Before I show you how to set the timer, I should mention that this only applies to missed scheduled updates, not updates with an expired deadline. With that said, you can create the timer by creating a registry key named RescheduleWaitTimer and assigning it a value that reflects the number of minutes that Windows should wait from the time that the system boots until missed updates are installed. Valid values are positive integers ranging from 1 to 60.

If you plan on using the RescheduleWaitTime registry key, you will have to use a second registry key to enable it. The name of the second required key is RescheduleWaitTimeEnabled. Assigning this key a value of 1 will enable the reschedule wait timer registry key, where as setting this key to a value of 0 will cause the wait timer to be ignored.

Scheduling Installations
I have talked a lot about scheduled installations, but I want to show you one last trick. You can use the registry to set the installation schedule. There are two registry keys that are used when scheduling an update. The first of these keys is ScheduledInstallDay. I recommend assigning this key a value of 0 which tells Windows that updates should be installed regardless of what day it is. You can however specify a day by specifying a positive integer ranging from 1 to 7. The number that you specify designates a day of the week. A value of 1 sets the installation day to Sunday. Setting the value to 2 sets installation day to Monday. If you are going to limit installations to one day a week, then I recommend using Wednesday since most Microsoft patches are released on Tuesday.

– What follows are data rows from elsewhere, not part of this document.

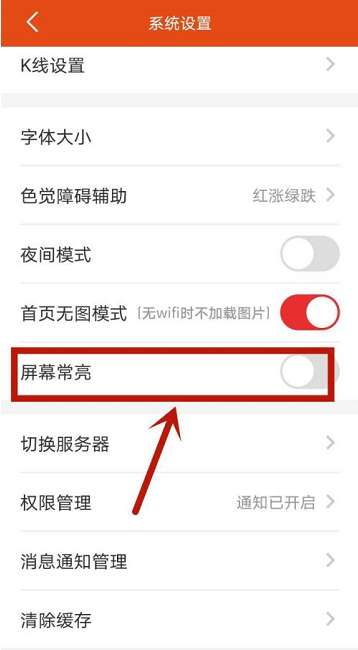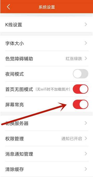 第五步:当屏幕常亮按钮带有颜色,这时使用同花顺时手机屏幕会常亮。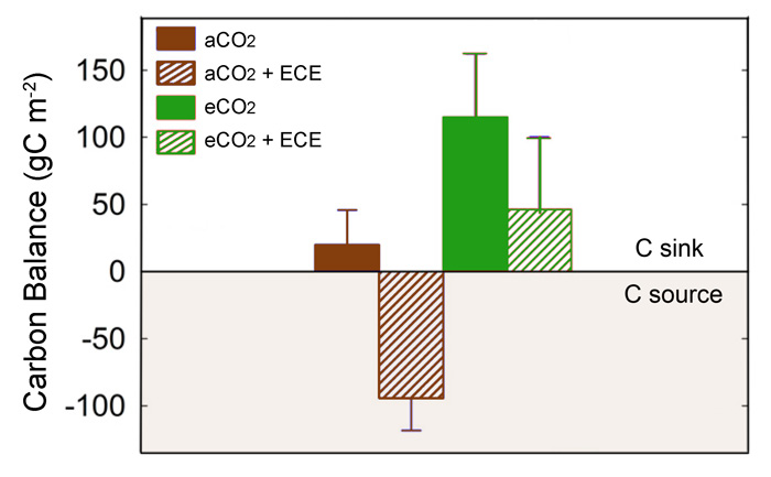 Figure 1. Full growing season (April 26-November 3) ecosystem carbon (C) balance (>0 = sink; <0 = source) as affected by the CO2 and ECE treatments described above. Adapted from Roy et al. (2016).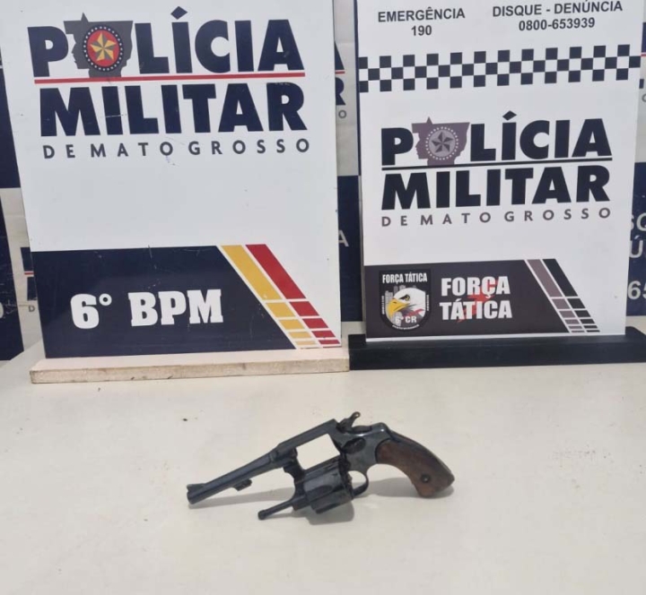 No interior da casa, o suspeito, de 38 anos, foi detido. Durante as buscas, um dos militares encontrou um revólver calibre .32, sem munições.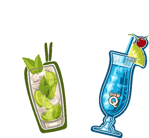 Two vibrant rum cocktails, including a Don Q blue drink and a mojito, clinking in a festive cheers animation.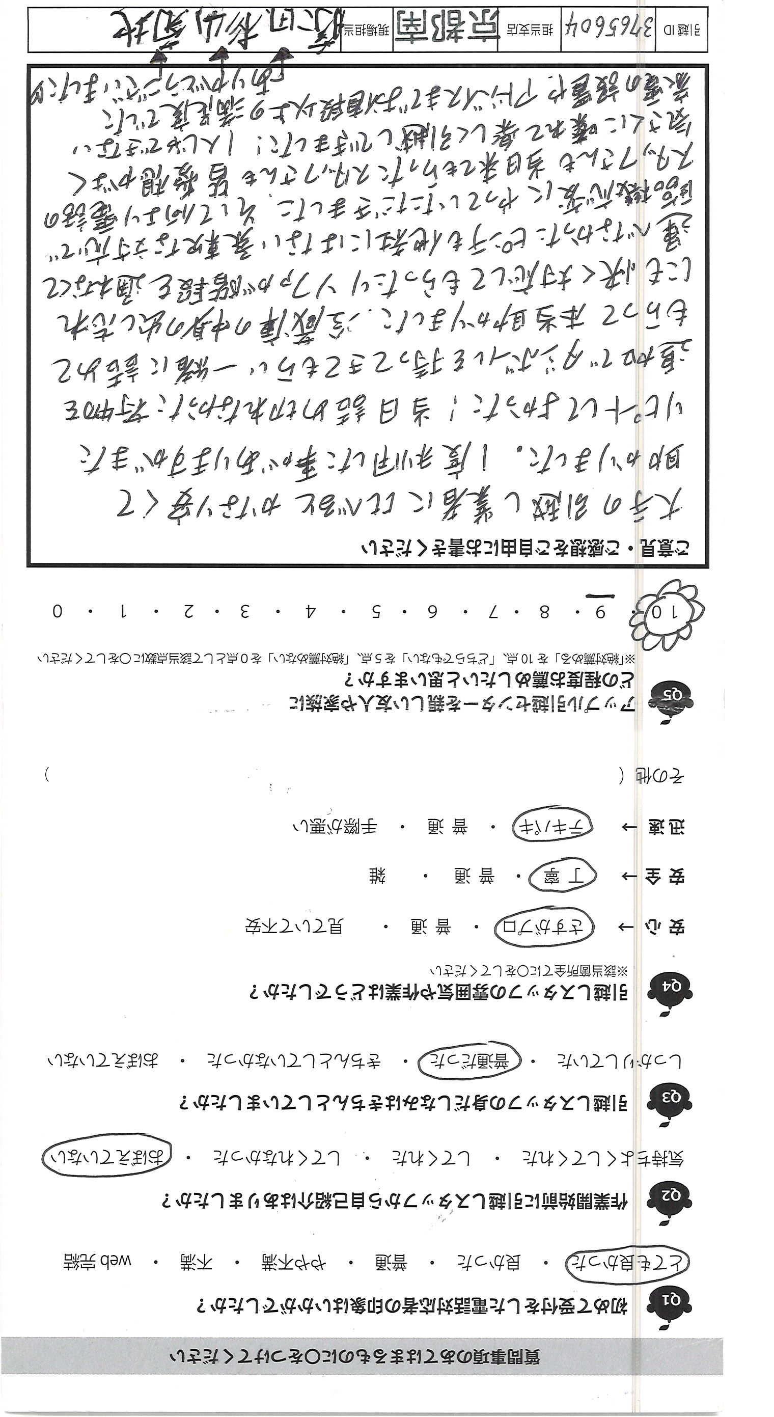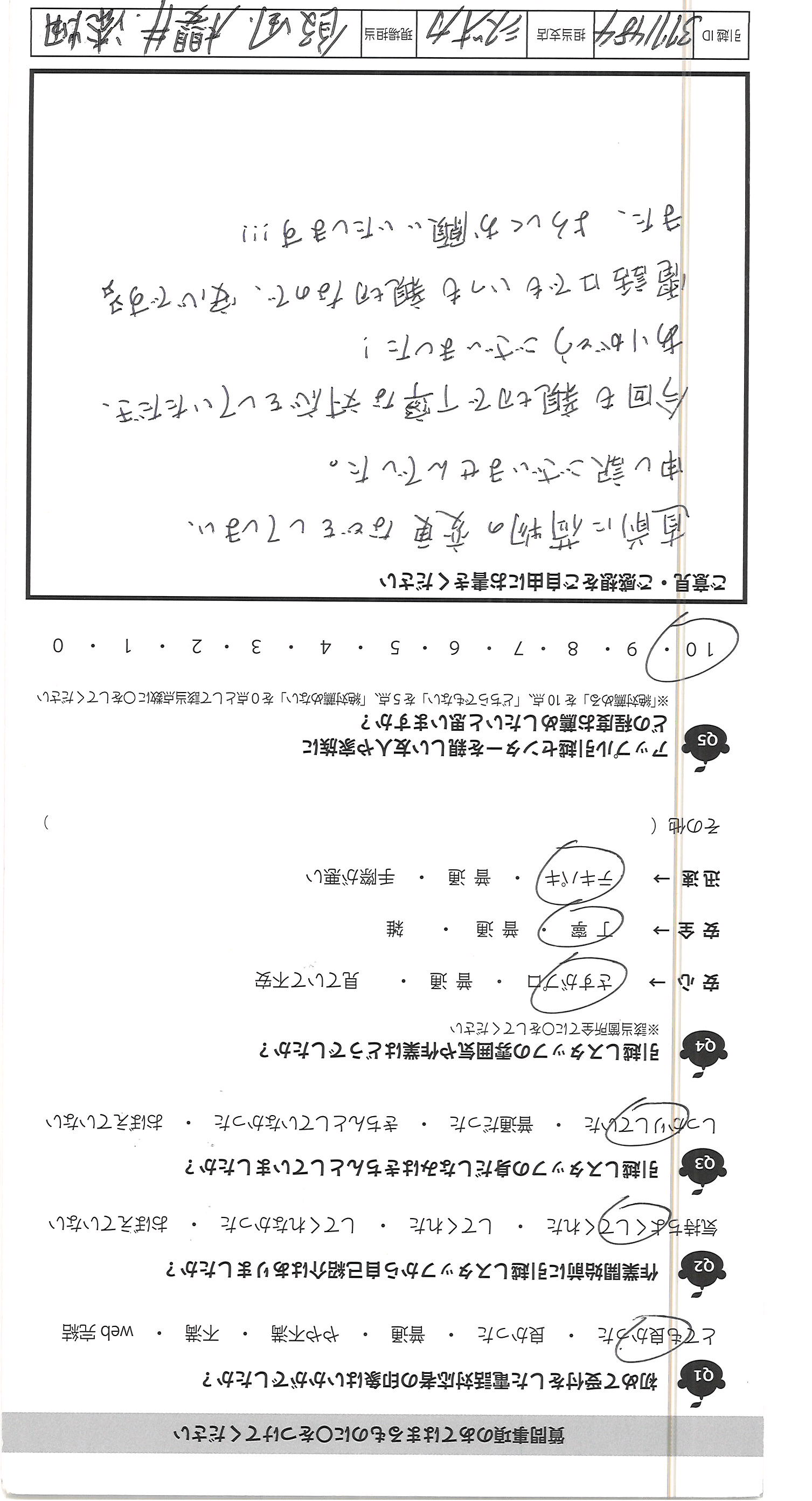 A.10/10とてもまんぞくています! 御社をオススメします ありがとうございます!(^_^)",30代前半,会社員(正社員・契約社員・派遣社員),女性,1,-,-,

One thing that you need to know about the ScheduledInstallDay key is that it is ignored unless the HKLMS\Software\Policies\Microsoft\Windows\WindowsUpdate\AU\AUOptions key is set to a value of 4. I discussed this key in Part 1.

The last key that I want to talk about is the ScheduledInstallTime key. This key tells Windows what time of day updates should be installed. Valid values for this key are positive integers ranging from 1 to 24, which reflect the hour of the day in military time. As such, a value of 3 would reflect a 3:00 AM installation time. A value of 13 would be a 1:00 PM installation time.

As you can see, there are a tremendous number of registry keys that can be used to configure Windows Update. If you are thinking about trying these keys out, I recommend testing your settings on a single PC before rolling out your changes on a large scale.